When dealing with biomedical data, the data dimensionality, i.e., the number of input features, can be quite large. To reduce computational burden and noise, it is often desirable to reduce the data dimensionality. An effective approach is feature extraction, for example, principal component analysis (PCA) [10, 25] and singular vector decomposition [22]. The resultant features via feature extraction are obtained by certain tranforms from the original features and are therefore different from the original features. In this paper, we focus on another approach, i.e., feature selection, which chooses a subset of input features from the entire input feature set.

Based on the different measures used to find the best feature subset, feature selection methods are divided into the following two categories: filter approaches [19] and wrapper approaches [18]. The classical RELIEF algorithm [19] and its extended version RELIEFF [21] are examples of filter approaches. They assign a weight to each feature and then update the weight according to training instances. These weights represent relevance of features, therefore, all features are ranked according to their weights and those features with weights above a predefined threshold are selected. Wrapper approaches “wrap” feature selection around a classifier.

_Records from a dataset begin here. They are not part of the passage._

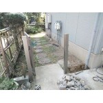 既存門扉は竹をあしらった物で経年劣化で、見栄えも少々気になっていたそうです。 ですので今回は門扉を一旦全て撤去して、土台も含めて改めて新しい部材にして設置作業を行いました。
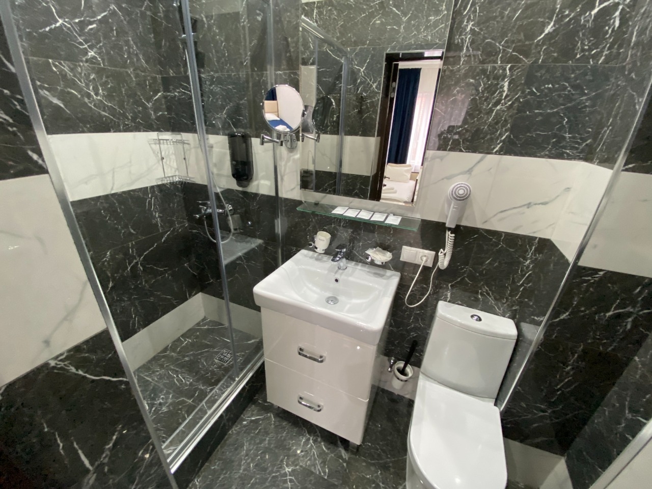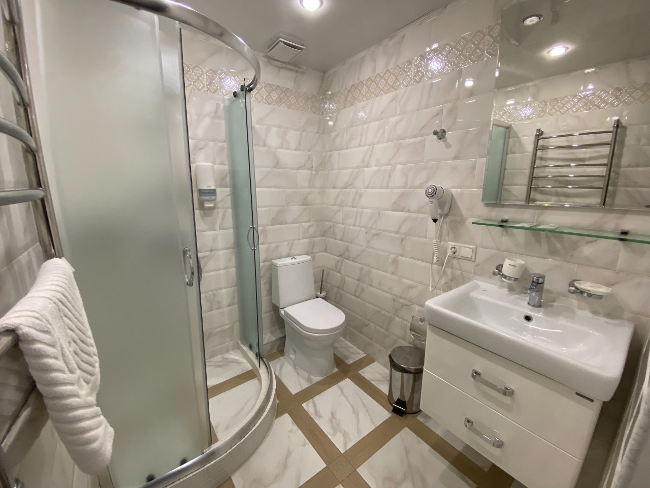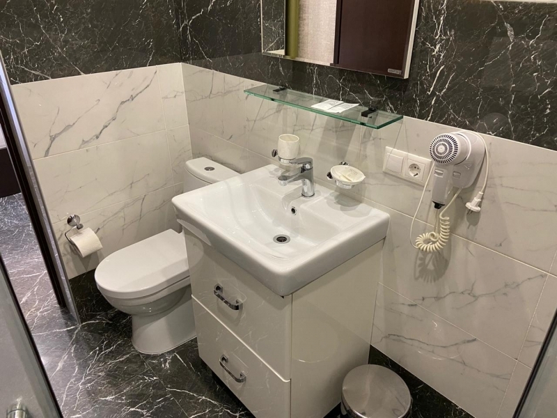 Санузел: с душевой кабиной, тапочки, туалетные принадлежности, фен
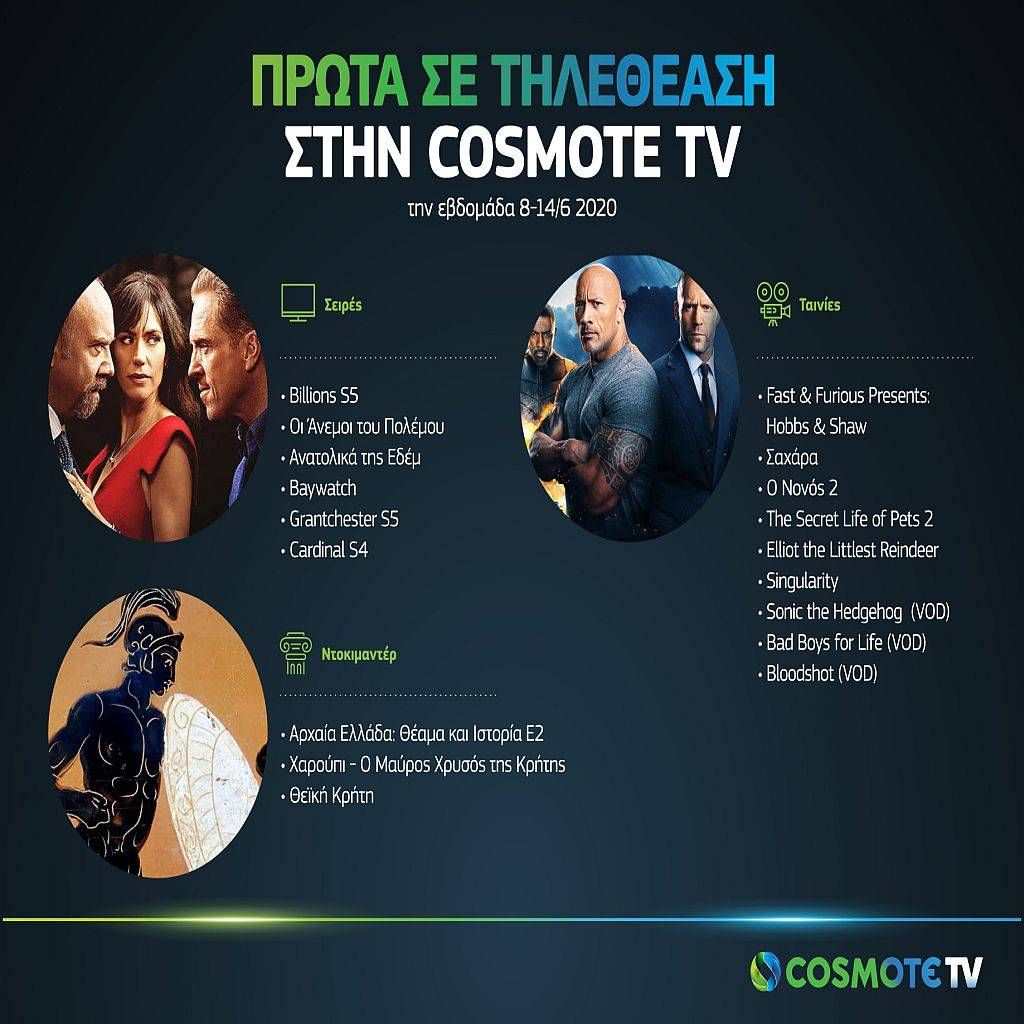 Μεγάλη επισκεψιμότητα υπήρξε και στον δωρεάν on demand κατάλογο της COSMOTE TV, στον οποίο συμπεριλαμβάνονται πάνω από 800 ταινίες και 130 σειρές.Την εβδομάδα που πέρασε, οι τηλεθεατές προτίμησαν για ακόμα μία φορά το Fast & Furious Presents: Hobbs & Shaw, τις ταινίες «The Predator»(Ο Κυνηγός) του 2019 και «The Snitch Cartel» και τις σειρές «Cobra» και «Billions».
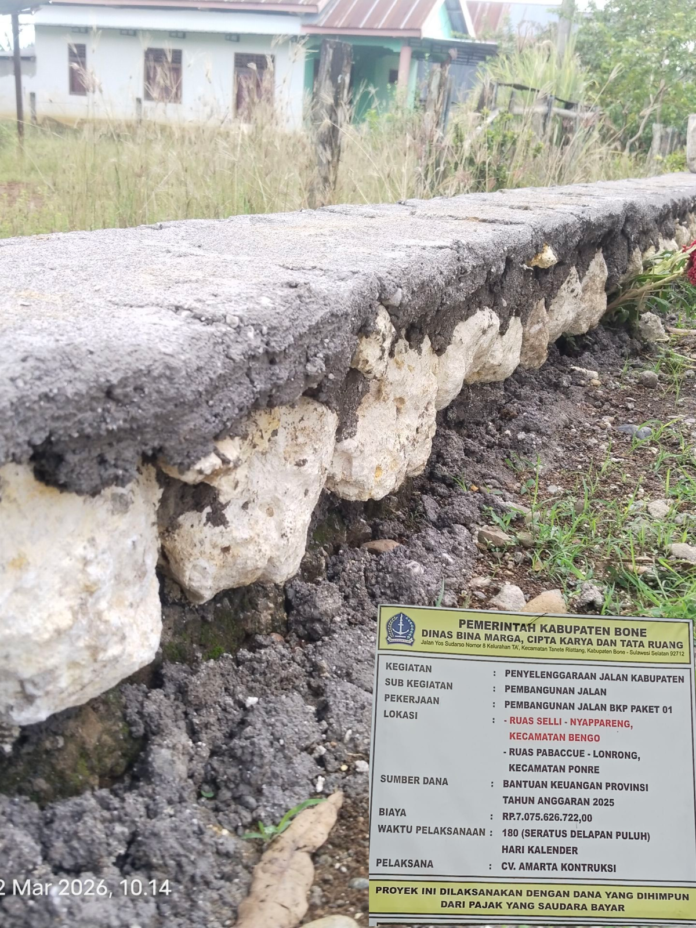 Hasil pantauan batarapos.com di lokasi proyek pekerjaan pembangunan jalan BKP paket 01, bersumber dari dana bantuan keuangan provinsi tahun anggaran 2025, melalui Pemerintah Kabupaten Bone Dinas Bina Marga, Cipta Karya dan Tata Ruang selaku pengguna anggaran memperlihatkan pekerjaan yang terkesan buruk rupa.
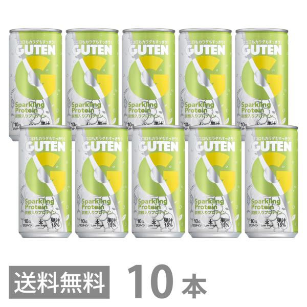 GUTEN グーテン 炭酸入り プロテイン 飲料 190ml×10本セット 送料無料 甘味料 保存料 着色料 無添加 アレルゲンフリー ドリンク ローシュガー ヴィーガン
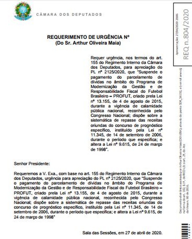 O Projeto de Lei 2125/2020, do deputado Arthur Oliveira Maia (DEM-BA), provocou a reação da classe de jogadores. Em grupos de Whatsapp e com a participação de sindicatos de atletas, eles iniciaram movimento para colher assinaturas virtuais e enviar documento com a contestação da proposta. O principal ponto é a redução de 50% na cláusula compensatória em caso de rescisão contratual.
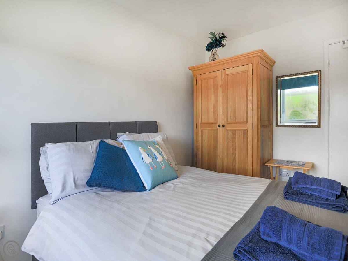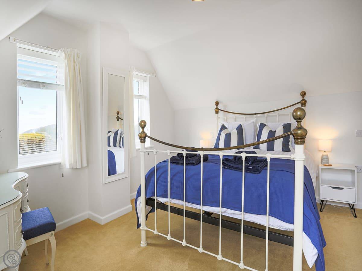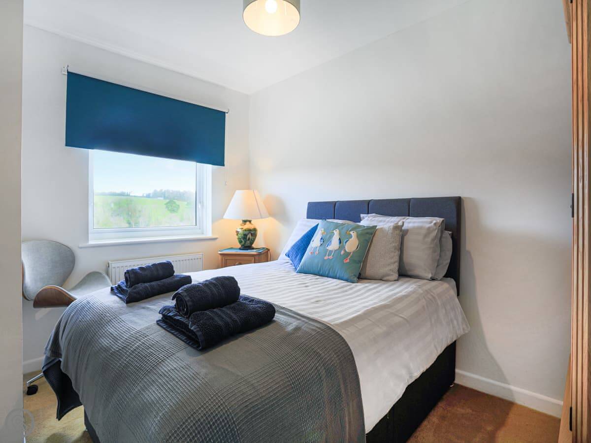It sleeps five. There are three bedrooms and one bathroom. Two bedrooms are upstairs. One bedroom is on the ground floor, which might suit someone who doesn't want to do the stairs. The bathroom is upstairs and has a shower cubicle, no bath. It's a 4 Star property, so it's comfortable and well equipped.
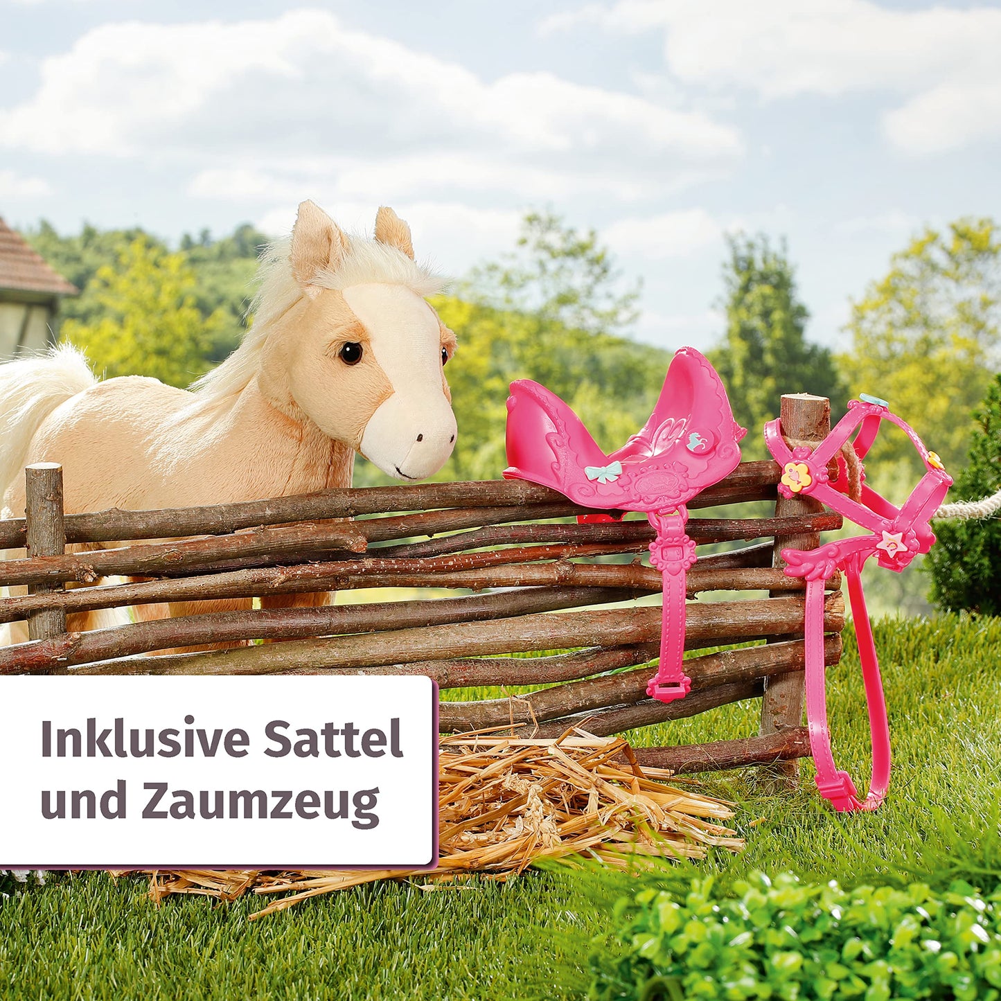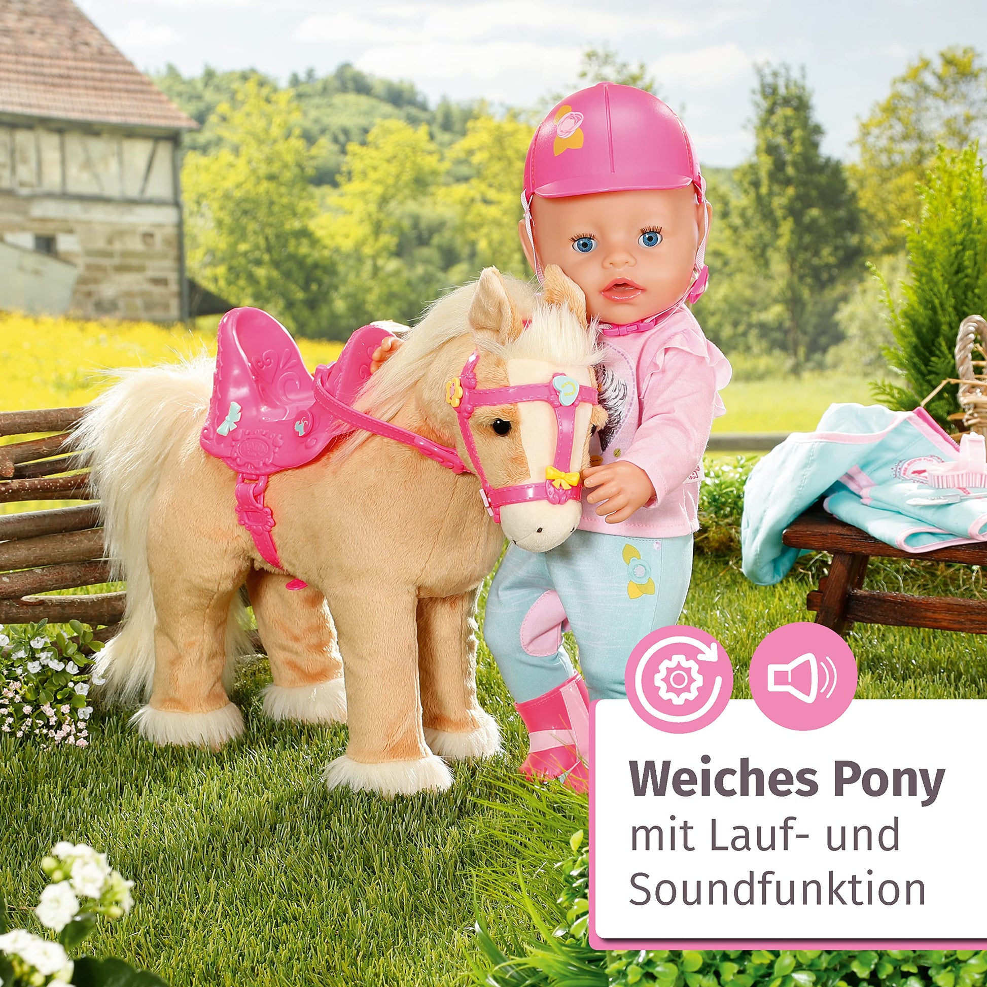 ["Product 1: TOY HORSE WITH FUNCTION: The BABY born doll horse offers interactive fun for children aged 3 and up, with its soft fur and styleable mane. The functional pony can walk and has various sound functions.","Product 1: BABY BORN PONY: The horse for BABY born neighs when its right ear is pressed. Pressing the left ear makes the BABY born horse move. Trotting and horse noises can be heard. Pressing the left ear again stops the horse.","Product 1: HORSE FOR DOLLS: The BABY born functional horse comes with lots of accessories, such as a saddle and bridle that can be decorated with 10 stickers. Batteries (4 x LR04/AAA) are required (not included).","Product 1: QUALITY PROMISE: This BABY born horse is original BABY born accessories. The horse toy is of high quality and ensures long-lasting fun. The horse for BABY born dolls comes in plastic-free packaging.","Product 2: A DRESS FOR ICE PRINCESSES: The doll dress consists of a blue skirt with snowflakes and a glittering top; The BABY born accessory is suitable for children aged 3 and up","Product 2: BABY BORN ACCESSORIES: In addition to the silver shiny doll tiara, the clothing set also includes a silver dress hanger and cute little white ice skates","Product 2: IDEAL FOR SMALL CHILDREN'S HANDS: The outfit is made in an easy fit style and can be easily put on and taken off even by the smallest children's hands","Product 2: QUALITY PROMISE: This doll accessory is an original accessory for the BABY born brand play doll; It is well-made and ensures long-lasting fun"]

Most wrapper approaches also utilize heuristic search techniques, such as sequential forward and backward search [35], hill climbing [2], and best-first search [18], to first search for possible feature subsets, then evaluate those feature subsets through the classifier, and finally determine an optimal subset in terms of classification accuracy. In this paper, we adopt a wrapper approach to select features for better accuracy.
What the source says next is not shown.